CONFESSIONS D’UNE BABE IDOL /SAFARI

CONFESSIONS D'UNE BABE IDOL /SAFARI

Tout safari est dangereux. Y compris le safari photo qui se targue de
saisir l’animal dans son milieu naturel. Le photographe et peintre
Peter Beard en sait quelque chose lui qui fut à de nombreuses reprises
chargé par des lions et des éléphants avec des dommages plus
conséquents que de simples égratignures.

Mais l’art a un prix et comme
disait Oscar Wilde qui s’y connaissait en exercices périlleux "toute
idée qui n’est pas dangereuse ne mérite pas d’être appelée une idée".
Ainsi les femmes qui sont les animaux les plus sophistiqués de la
chaîne alimentaire ne se laissent elles approcher qu’avec d’infinies
précautions.

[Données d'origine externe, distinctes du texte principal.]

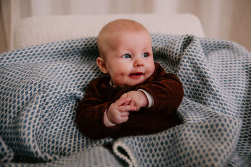 Ledikantdeken wol - Blauw
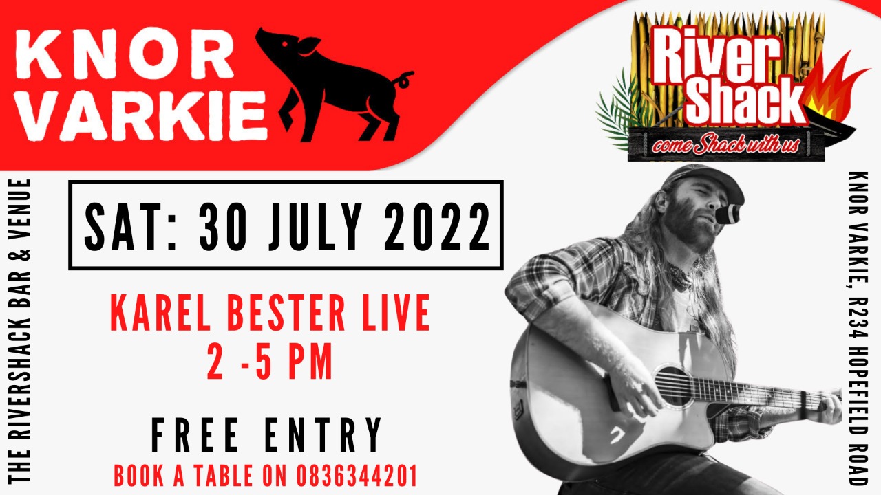 Karel Bester Live Karel Bester Live + Add to Google Calendar + iCal / Outlook export Date Jul 30 2022 Expired! Time 2:00 pm - 5:00 pm Location River Shack @ Knor Varkie Velddrift Category Live Music Share this event
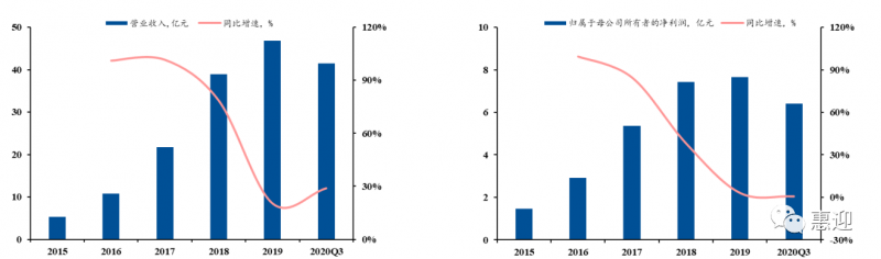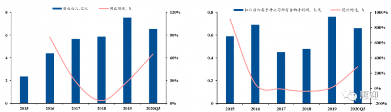 公司是光伏自動化組件設(shè)備的頭部供應商,下游客戶涵蓋國內(nèi)多家知名光伏組件企業(yè),同時積極布局新型組件設(shè)備,向壁壘較高的電池設(shè)備領(lǐng)域延伸,探索新增長點。2015-2019 年,公司業(yè)績大幅增長,營業(yè)收入從 2.92 億元增長至 7.9 億元,CAGR 為 31.08%。截止 2020 年第三季度,公司的歸母凈利潤為 0.65 億元,同比增長 65%,超過 2019 年全年歸母凈利潤。合同負債已達 3.71 億元,為 2021 年業(yè)績奠定良好基礎(chǔ)。2019 年,光伏組件自動化生產(chǎn)線作為公司的主營業(yè)務,占總營收的 93.11%,輔之以串焊機、層壓機等價值量較高的單機設(shè)備。
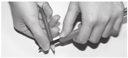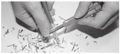 用拿铅笔的手的拇指抵住刀子的背面来控制刀刃的动向。
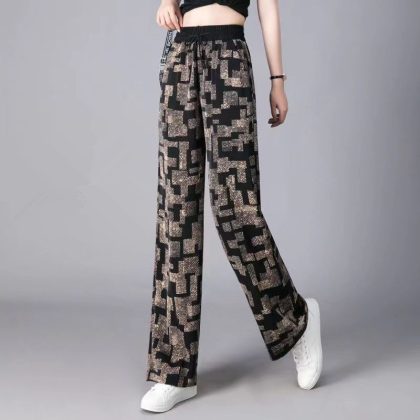 | nameOriginal | Ice Silk Wide Leg Casual Pants Women's 2024 Summer New Style Elastomer High Waist Slimming All-match Mop Pants Plaid Pants |
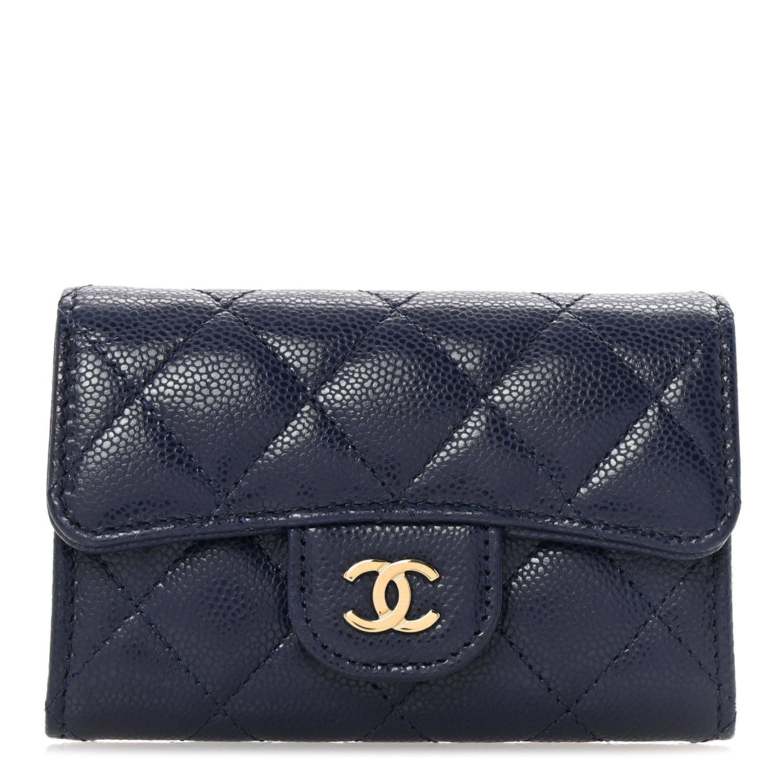 Caviar Quilted Flap Card Holder Wallet Navy Blue

Leur beauté est fugace non pas tant en raison de la fuite
du temps qui en altère les traits que de leur propre versatilité qui à
chaque instant peut les renvoyer à une sauvagerie venue du fond des
âges.

Elles sont malgré elles les artisans de leur propre démolition,
ravages occasionnées par l’insatisfaction, l’arrogance, la bêtise, la
jalousie ou la colère. La beauté n’est guère séparée de la finesse
d’esprit et de l’intelligence et comme le glissait Baudelaire, le don
de plaire reste le don le plus précieux. Il y a deux jours je filmais
le plan séquence le plus léger, voluptueux et subtil de ma carrière de
cinéaste, de mon art de constructeur du réel subjectif.
Quarante minutes de safari vidéo dans Paris avec au centre de mon
objectif un animal féminin aux incroyables aptitudes d’improvisation,
une actrice née, scintillante sous tous les angles.

Après visionnage
il me fût suggéré d’adresser copie de ce film à tous les festivals
possibles tant cette séquence contenait de force et d’attract visuel.
Le producteur qui visionnait avec moi n’avait pas quitté des yeux
l’écran depuis une demi-heure. C’était bon signe. A charge pour moi de
compléter cette prouesse par un tournage supplémentaire ou je pourrai
saisir un peu plus l’âme de ma sauvageonne au charme si spécial.
N’ayant pas son numéro de téléphone elle m’avait néanmoins laissé une
adresse électronique. Le soir même je lui envoyais un message pour lui
expliquer mes intentions, en gros que le film qui était déja sidérant
gagnerait encore à être complété par quelques prises de vue. Je lui
demandais de me rappeler très vite afin que nous puissions nous voir.
Le lendemain cependant je reçevais un message d’échec. Je ne sais pour
quelles raisons mon mail n’était pas parvenu. N’ayant plus d’autres
moyen de la joindre que le courrier par la poste qui prendrait trop de
temps je me résolvais à passer outre les bonnes manières. Les
renseigements me fournirent un numéro à un autre nom.

Comme il n’y
avait qu’une seule personne à l’adresse indiquée ça pouvait
correspondre. Et en effet lorsque je demandais Eve,la première femme,
quelqu’un qui n’était pas Dieu le père mais son père(biologique ou non
je n’en avais cure)me la passa. Alors que je tentais de lui expliquer
que je lui avais envoyé un courrier qui n’avait pas atteint sa cible,
elle s’empressa de me traiter de menteur. Je glissais en lui affirmant
avoir des choses intéressantes à lui dire :"Tu n’as qu’à me les dire
par mail !" hurla-t-elle avant de raccrocher. Je lui renvoyais donc le
mot en changeant le tiré de l’adresse par un underscore. En me disant
que la limite entre l’audace et la grossièreté est vraiment bien mince
alors que celle entre la vulgarité et la finesse est une montagne à
tout jamais infranchissable.

Si l’enfer est pavé de bonnes
intentions,le commerce avec ses semblables est un brasier ou les
pauvres optimistes que nous sommes(nous qui allons vers les
autres)n’avons pas fini de rôtir. Faites du safari je vous dis,vous en
rapporterez de sublimes images mais ne sortez jamais sans votre gilet
de protection. C’est un conseil d’amis.